First author (Ref)	Year	Number of patients/narrowings	Follow-up in months	Narrowest artery	Revascularization	Patency
Lowman (11)	1983	10/10	13	Subclavian and innominate	PTA	90%
Wilms (12)	1987	22/23	25	Subclavian	PTA	82%
Burke (13)	1987	27/30	36	Subclavian, innominate, and vertebral	PTA	NA
Cook (14)	1989	6/6	18	Subclavian	PTA	83%
Jaschke (15)	1989	12/12	12	Subclavian, innominate, and axillary	PTA	91%
Qi (16)	1991	125/125	46	Subclavian and vertebral	PTA	99%
Hebrang (17)	1991	52/52	29	Subclavian	PTA	91%
Perrault (18)	1993	11/11	38	Subclavian	PTA	100%
Millaire (19)	1993	50/50	41	Subclavian	PTA	86%
Kumar (20)	1995	27/31	NA	Subclavian	Stent	NA
Motarjeme (21)	1996	112/151	60	Innominate, subclavian, carotid, and vertebral	PTA	97%
Martinez (22)	1997	17/17	19.4	Subclavian	Stent	81%
Rodriguez-Lopez (9)	1999	69/70	13	Subclavian	Stent	73%
Körner (23)	1999	37/43	15	Subclavian and innominate	PTA	72%
Schillinger (24)	2001	115/115	44	Subclavian	PTA ± stent	59%
González (25)	2002	9/9	37.4	Subclavian	PTA	89%
Angle (26)	2003	21/21	27	Subclavian	PTA ± stent	79%
Modarai (3)	2004	41/41	48	Subclavian and innominate	PTA ± stent	82%
Amor (27)	2004	86/89	42	Subclavian	Stent	81%
De Vries (5)	2005	110/110	34	Subclavian	PTA ± stent	88%
Filippo (28)	2006	42/42	60	Subclavian	Stent	71%
Przewlocki (29)	2006	75/76	24.4	Subclavian and innominate	PTA ± stent	77%
Sakai (30)	2007	26/28	6	Subclavian	Stent	100%
Abu Rahma (31)	2007	121/121	41	Subclavian	PTA ± stent	70%
Van Noord (32)	2007	43/43	12	Subclavian and brachiocephalic	PTA ± stent	76%
Linni (33)	2008	40/40	50.1	Subclavian	Stent	95%
Sixt (4)	2009	107/108	12	Subclavian and brachiocephalic	PTA ± stent	88%
Yu (34)	2010	14/14	12	Subclavian	Stent	93%
Wang (35)	2010	59/61	40.7	Subclavian	Stent	85%
Song (36)	2012	148/148	67	Subclavian	Stent	49%
Babic (37)	2012	56/56	40	Subclavian	Stent	83%
Li (38)	2013	71/71	27	Subclavian	Stent	85%
Higashimori (39)	2013	59/60	49	Subclavian	Stent	86%
Almeida (40)	2014	16/16	12	Subclavian	Stent	100%
Che (41)	2016	167/167	60.6	Subclavian	Stent	87%

NA indicates not available; PTA, percutaneous transluminal angioplasty.

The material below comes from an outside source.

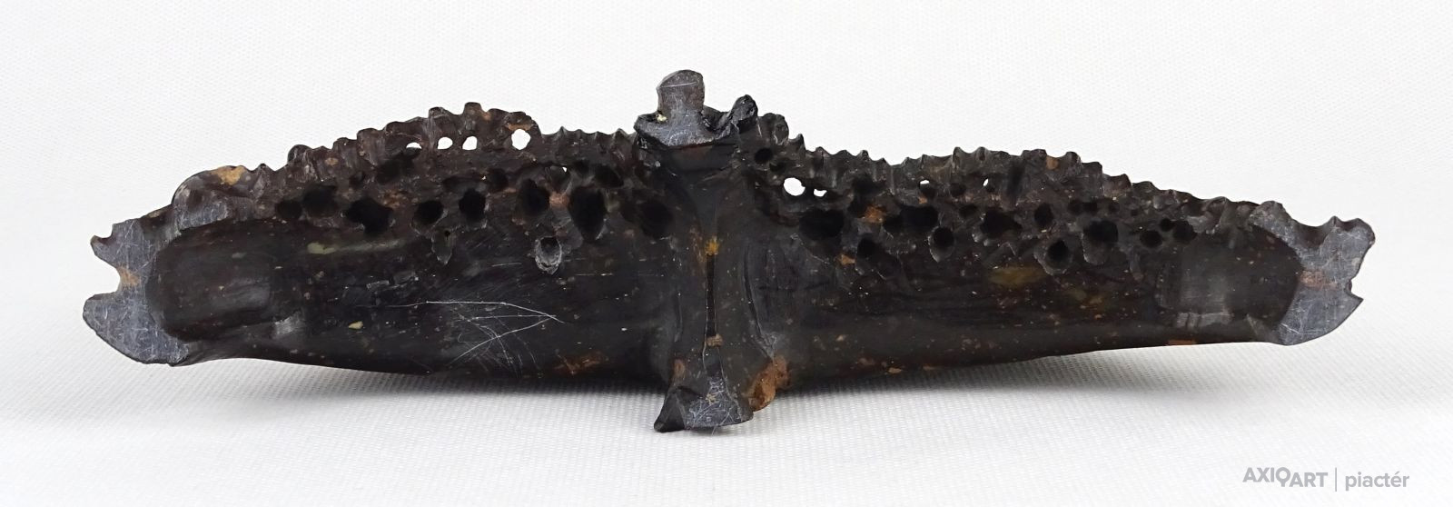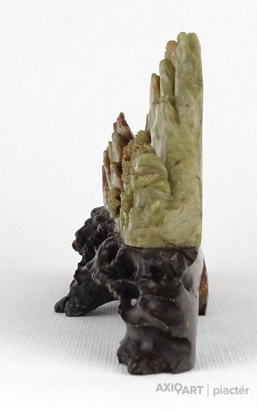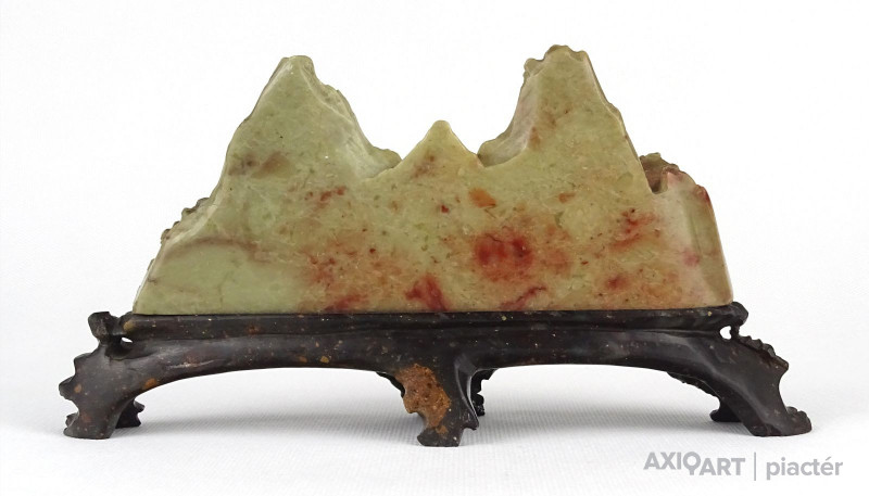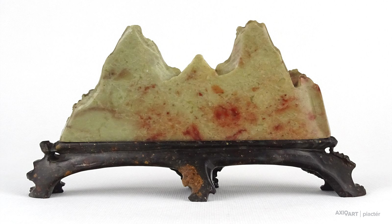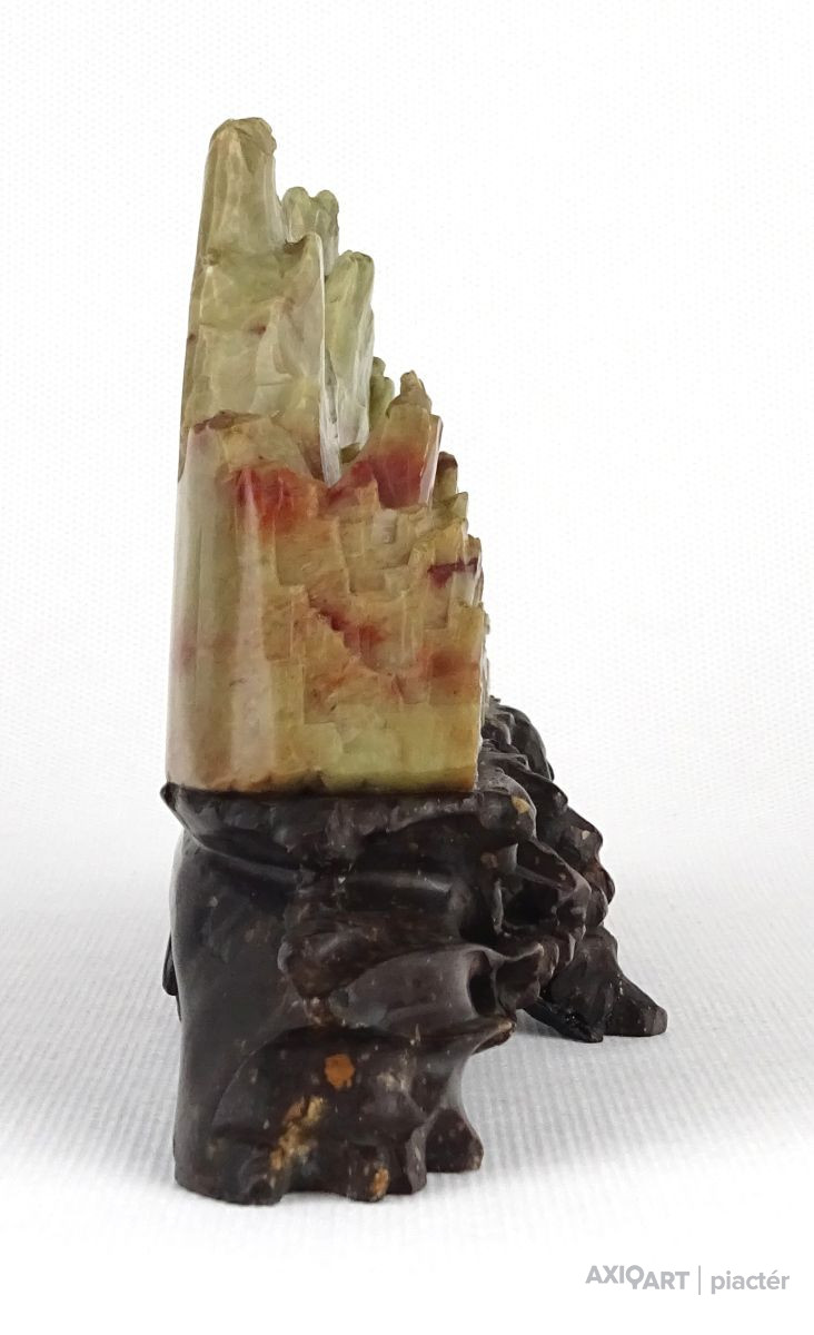 Kézi faragású, régi zsírkő dísztárgy, szintén faragott kőzet talapzaton. Hegyvidéki tájat, hegyeket, fákat és egy házat ábrázoló faragás. Gyönyörű keleti dísztárgy.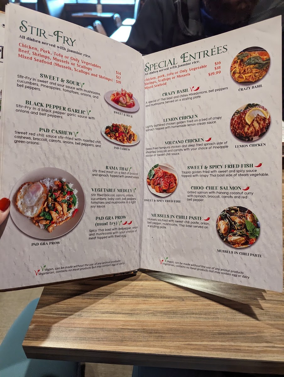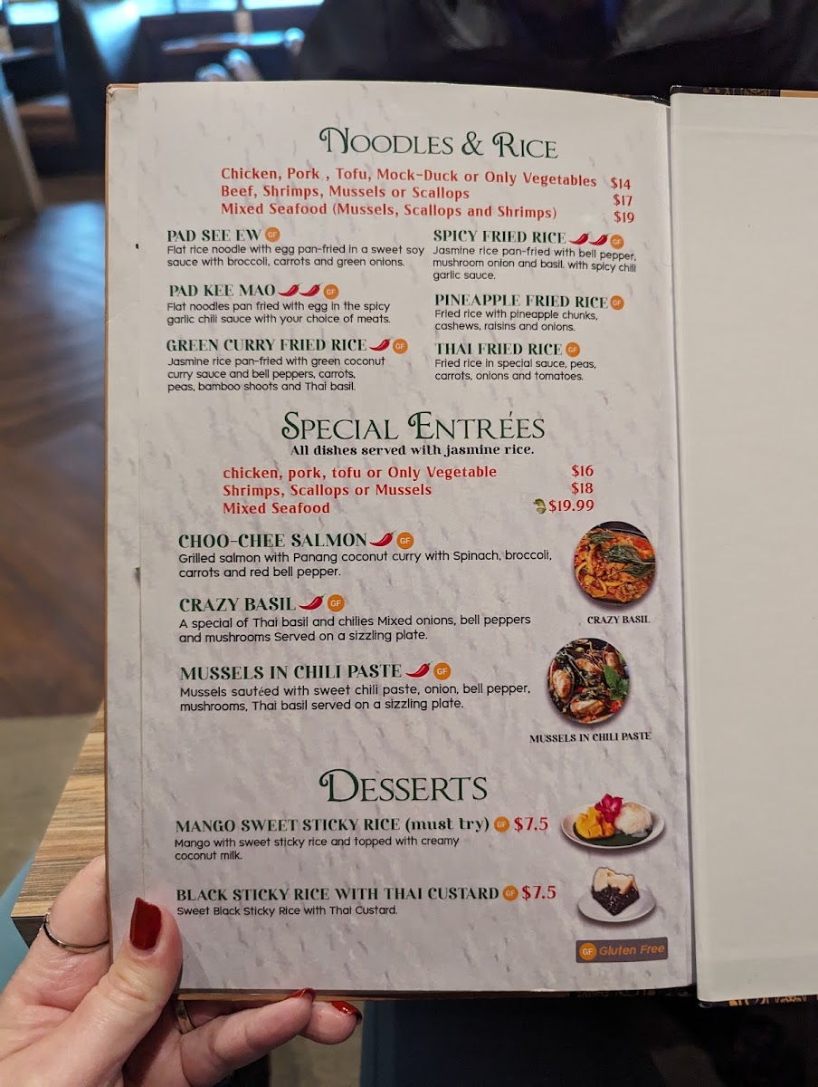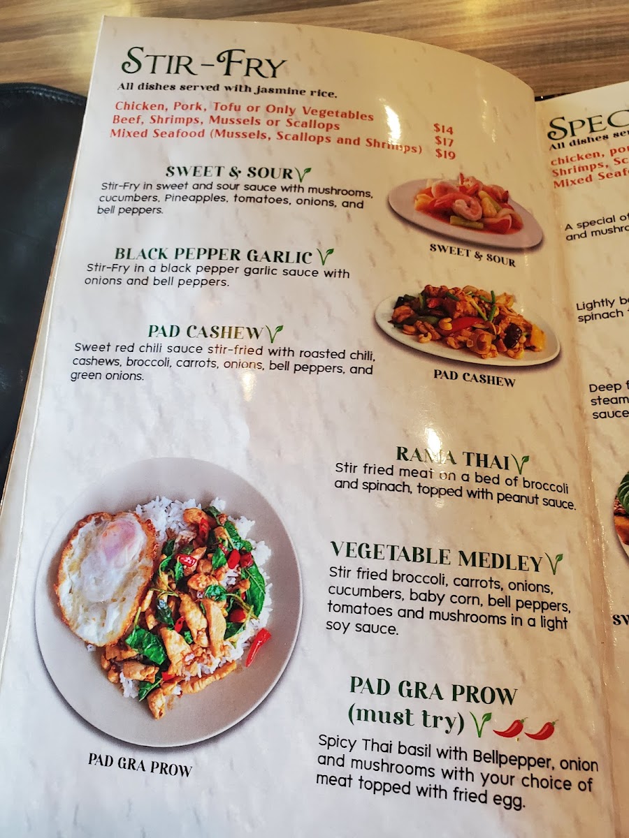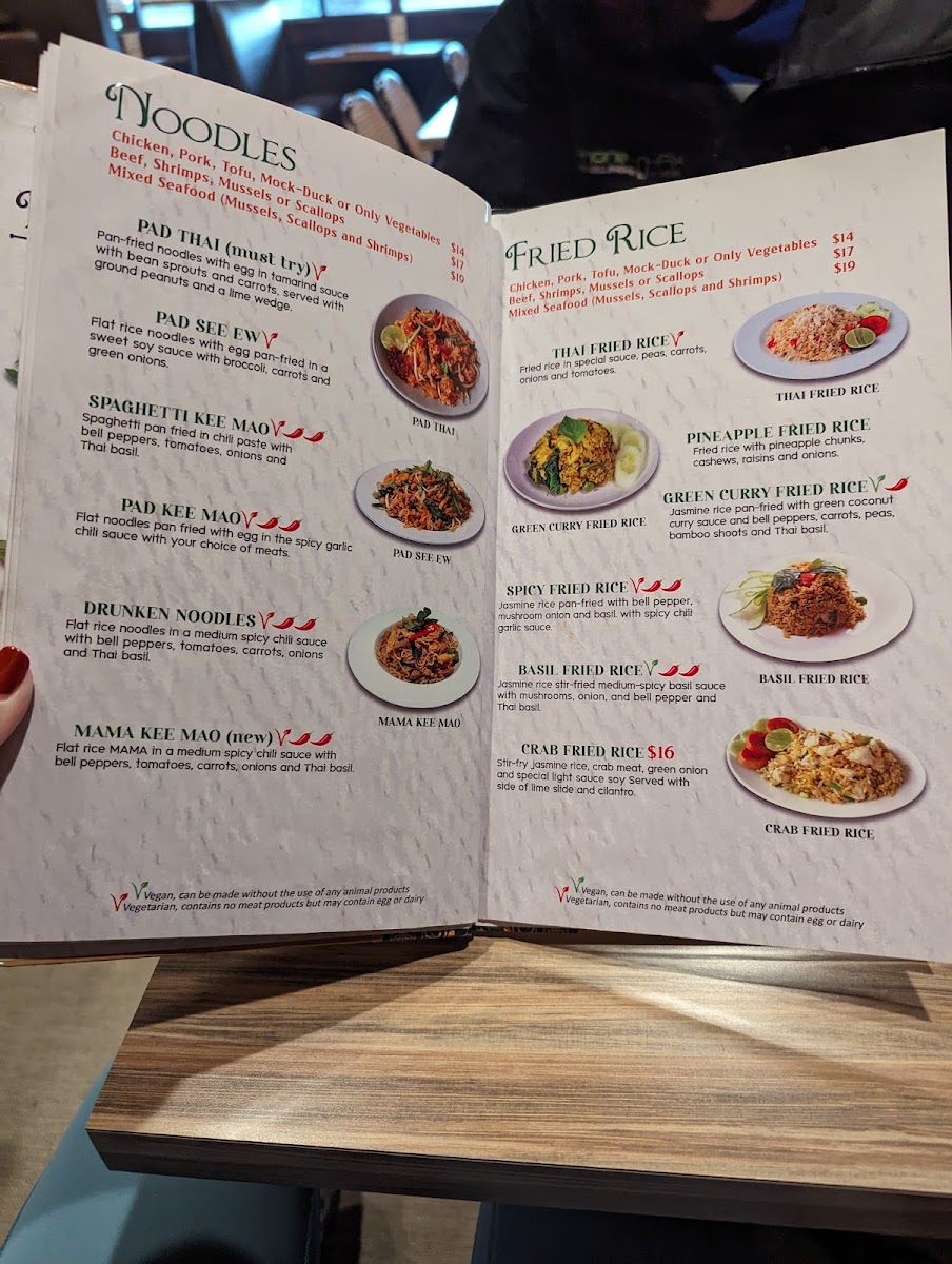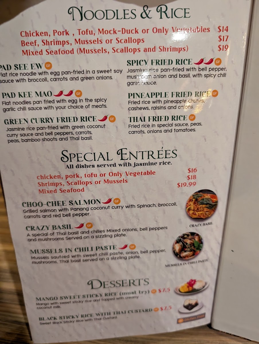 The menu is a vibrant tapestry of flavors, featuring standout items like the Basil Fried Rice and the spicy Tom Yum Goong Noodle & Fish Ball. For diners seeking gluten-free options, the ChooChee Salmon harmonizes grilled salmon with Panang coconut curry, while the Vegetable Medley offers a colorful and healthy choice.

Improvements in stent technology, coupled with widespread use, paved the way for studies evaluating the efficacy of stenting in upper-extremity vessels. An initial study by Sueoka et al (8) evaluated the efficacy of balloon-expandable stents in treating proximal subclavian artery stenosis causing subclavian steal syndrome after failure of an initial approach with PTA, with a procedural success rate of 100%. Subsequent studies by Rodriguez-Lopez et al (9) and Henry et al (10) demonstrated good short- and mid-term patency rates, with similar long-term patency rates compared with PTA. A recently published meta-analysis of 35 noncomparative studies with 1726 patients examining PTA and stenting in subclavian arterial occlusive disease found that technical success rates were higher in stented patients, without a statistical difference in rates of symptom resolution and long-term primary patency rates (6). We report the first case of symptomatic axillary artery disease successfully treated with off-label drug-coated balloon angioplasty and resolution of symptoms postprocedurally.